REFLEXION ET PARTAGE

Des écrits sur mes reflexions du moment: histoire, philosophie, théologie, mes escapades, mais aussi des textes sur la nouvelle langue française


JONATHAN CRARY QUI EST CE ?

Publié par REFLEXIONS ET PARTAGE sur 27 Mai 2021, 20:46pm

Catégories : #REFLEXIONS ET PARTAGE

JONATHAN CRARY  QUI EST CE ?

JONATHAN CRARY

 Né en 1951, il enseigne l’histoire de l’art et de l’esthétique à  l’université de Columbia à New York depuis 1989. Il a écrit plusieurs ouvrages, dont deux qui seront traduits en Français. Sur les deux ouvrages traduits, un m’a étonné pour un Américain : «24/7 Le capitalisme à l’assaut du sommeil. »

Il adopte une démarche proche de Michel Foucault ; quand le philosophe Français remarquait que le sujet contemporain est le fruit structures de pouvoir, de dispositif qui mettent en place une surveillance continu : «école, hôpital, prison ».

Jonathan CRARY, note que ce même individu, est façonné pat la nouvelle technologie qui l’entoure.

La modernité : à fabriqué des individus observateurs, qui n’appréhendent pas le monde directement, mais par le biais d’outils de nouvelles technologies.

A chaque époque correspond une technologie d’observation, ou, de surveillance.

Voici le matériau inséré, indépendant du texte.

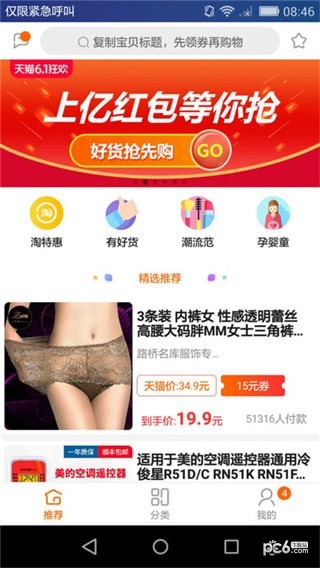 3、帮你比价挑白菜:每天精选小于6块的超值商品,优惠券轻松领,剁手不花钱。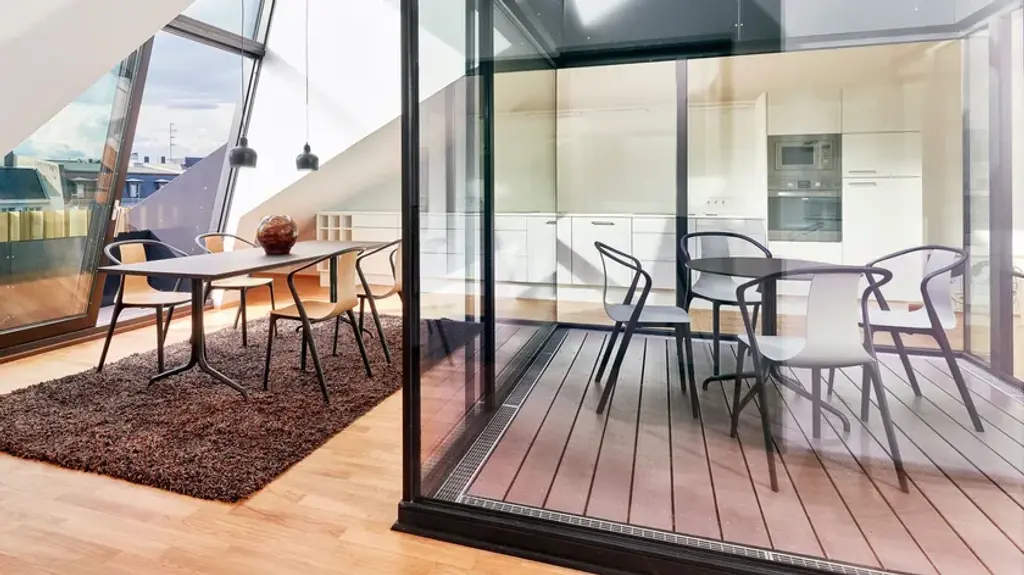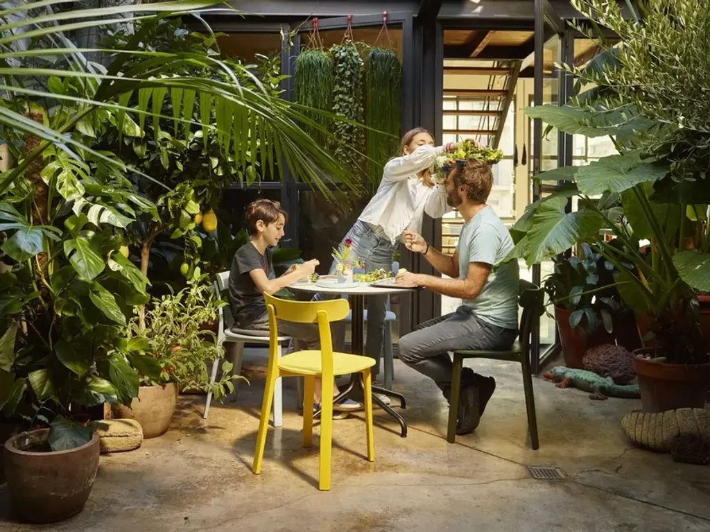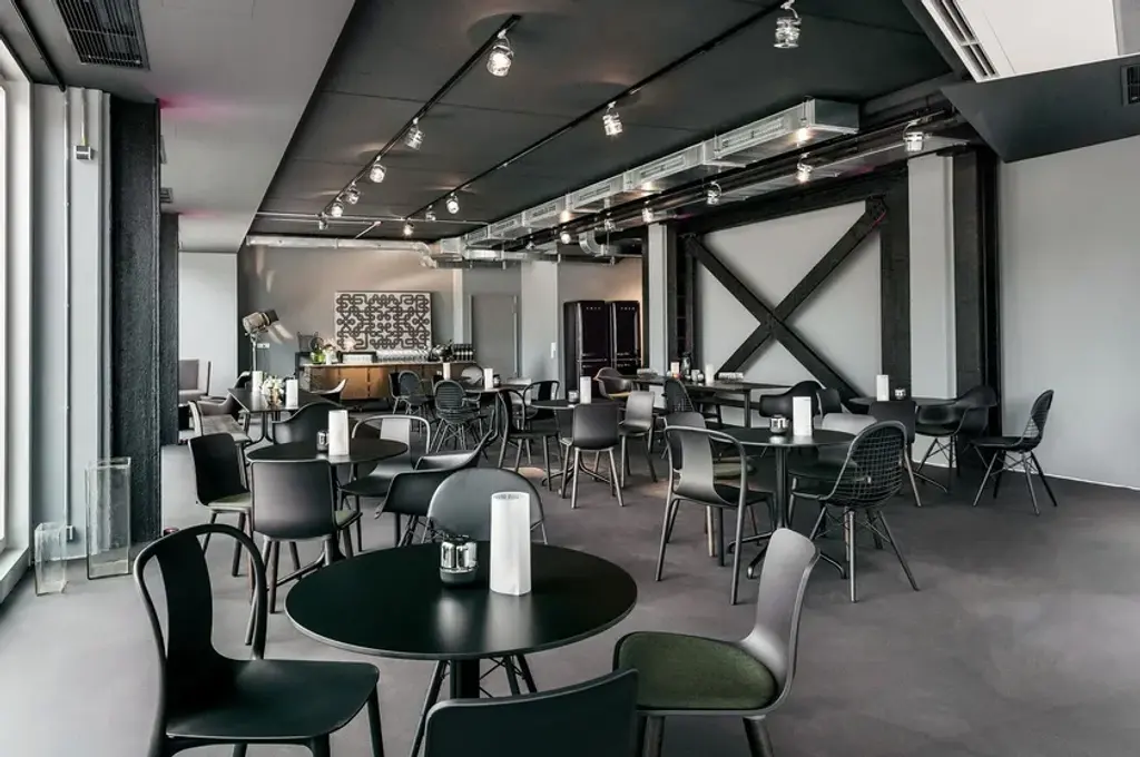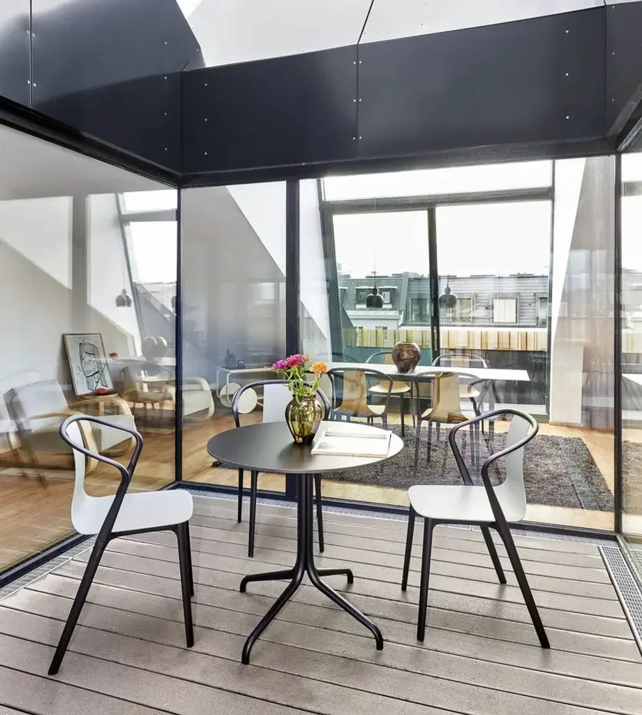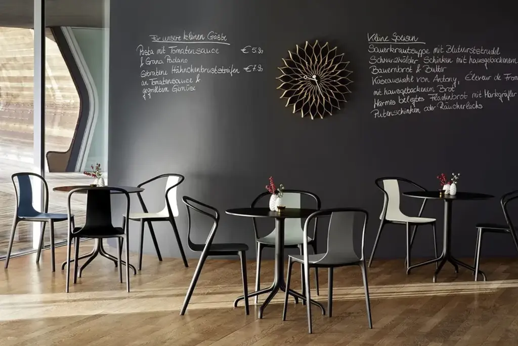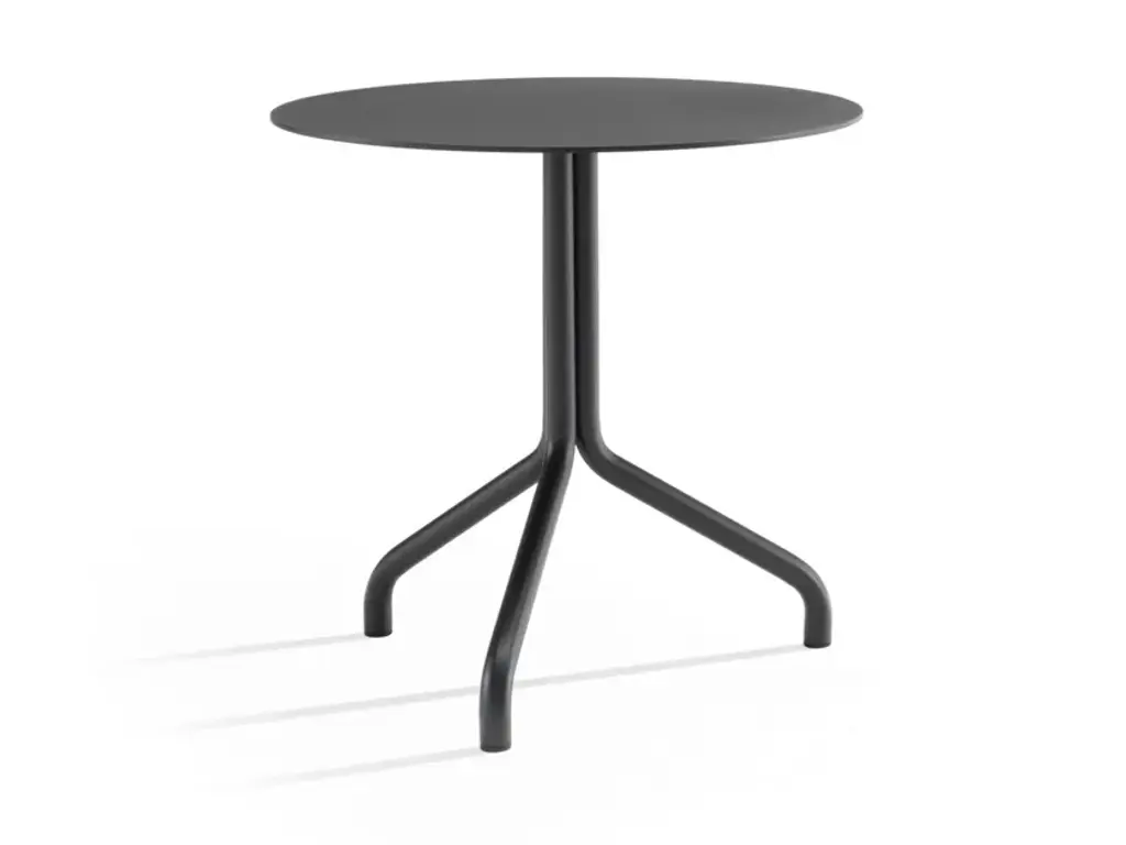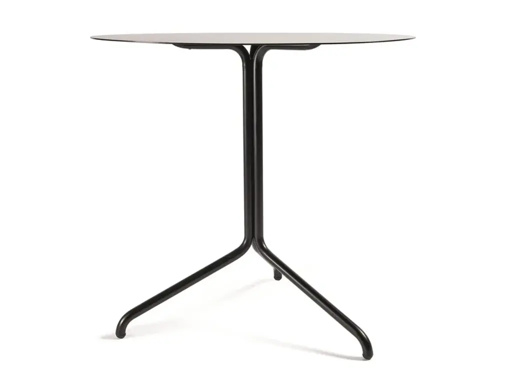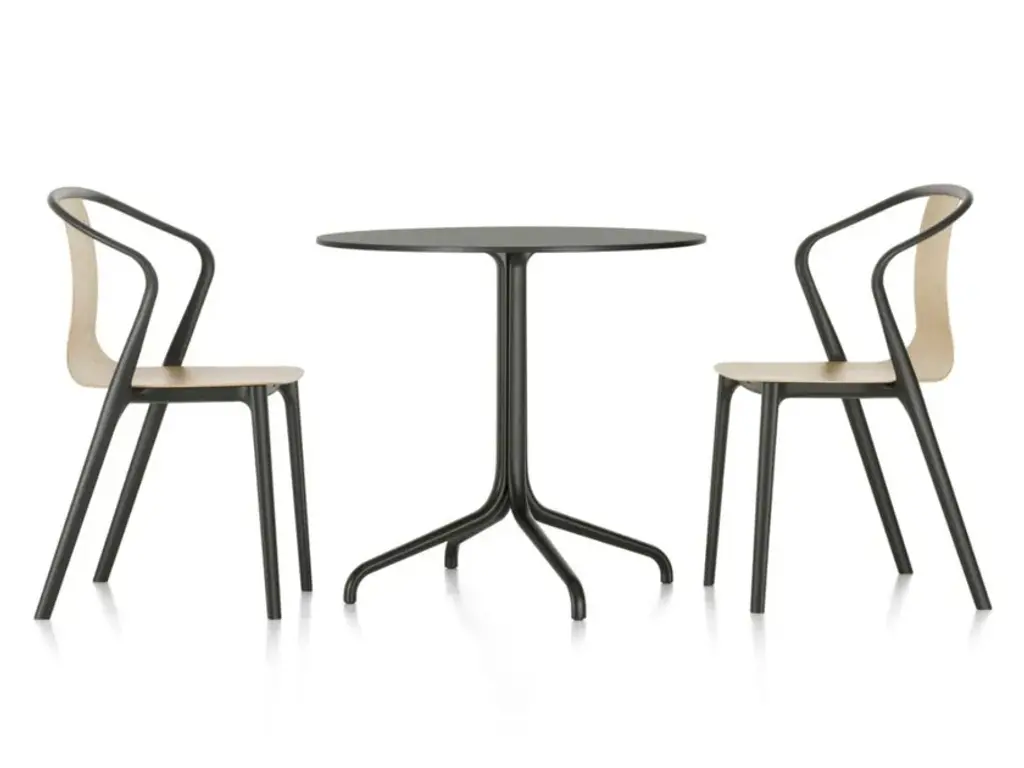Belleville Bistro is a round table with 4-star steel base and wooden top.The Belleville Tables are modelled on the typology of the classic bistro table, but thanks to the selection of solid wood, veneer, melamine or HPL table tops, their appearance is highly variable. The slender legs flow in a continuous sweeping line from the splayed bottom along the central column to the table top. In star-shaped or paired configurations, they form bases for small and large bistro tables or dining tables.The colour and surface texture of the cast aluminium table legs, which have a black powder-coated finish, are nearly indistinguishable from the plastic frame of the perfectly matched Belleville Chair. And since the materials of the table tops and seat shells are either identical or harmoniously coordinated, the tables and chairs form a unified yet diverse group - a hybrid family of furnishings whose materiality resists classification. Thus the tables can be ideally combined with Belleville Chairs in bustling bistro settings as well as in sleekly modern galleries or diversely styled home environments.The Belleville Table is available as a small square or round bistro table with a star-shaped base or as a bistro and dining table in different widths and lengths with slightly arched T-legs. Depending on the model, the table tops come in solid wood, wood veneer, melamine or solid core material.Material description- Table top: oak veneer in natural or dark oak (20 mm); melamine faced in white with smooth straight plastic edge (19 mm); or solid core material with black edge (12 mm) in the colours white or black. Solid core table top in black with anti-fingerprint coating.- Base: powder-coated with finely textured finish in deep black (RAL 9005). The height of the base including screw-in glides is 720 mm; the glides can be adjusted (max. extension 10 mm) for levelling on uneven floors.- Applications: table with top in solid core material and powder-coated base is suited for outdoor use. The powder-coated bases are pre-galvanised.

C’est au XIX siècle que s’opère une révolution de la perception, si nous ne voyons pas vraiment le monde, mais seulement soumis à des stimuli rétiniens. Cette stimulation peut tout à fait être prise en charge par des écrans, qui se substituent au monde. Une révolution qui correspond au capitalisme industriel, dont Jonathan CRARY, poursuit la critique dans 24/7 Le capitalisme à l’assaut du sommeil.

 Dans son analyse, nous pouvons remonter au XIV siècle, à la renaissance, c’est dans cette période que le sommeil commença le début d’une dégradation lente, au profit du renouveau. Puis au milieu du XVII siècle, le sommeil s’est trouvé délogé de sa position semi-stable. On commença à saisir son incompatibilité, avec les notions modernes de productivité et de rationalité. Les : Descartes, Hume, ou, Locke, furent de loin les seuls philosophes à dénier le sommeil. Il sera dévalorisé au profit d’une prééminence accordée  à la conscience et à la volonté, ainsi qu’a une notion d’utilité d’objectivité et d’intérêt personnel, comme mobile d’action.

 Au milieu du XIX siècle, on commença à concevoir la relation asymétrique, entre le sommeil et la veille. Selon des modèles hiérarchiques, qui présentaient, le sommeil comme une régression vers un monde d’activité inférieure et plus primitif ; où l’activité supposée supérieure, et plus complexe du cerveau se trouvait inhibée.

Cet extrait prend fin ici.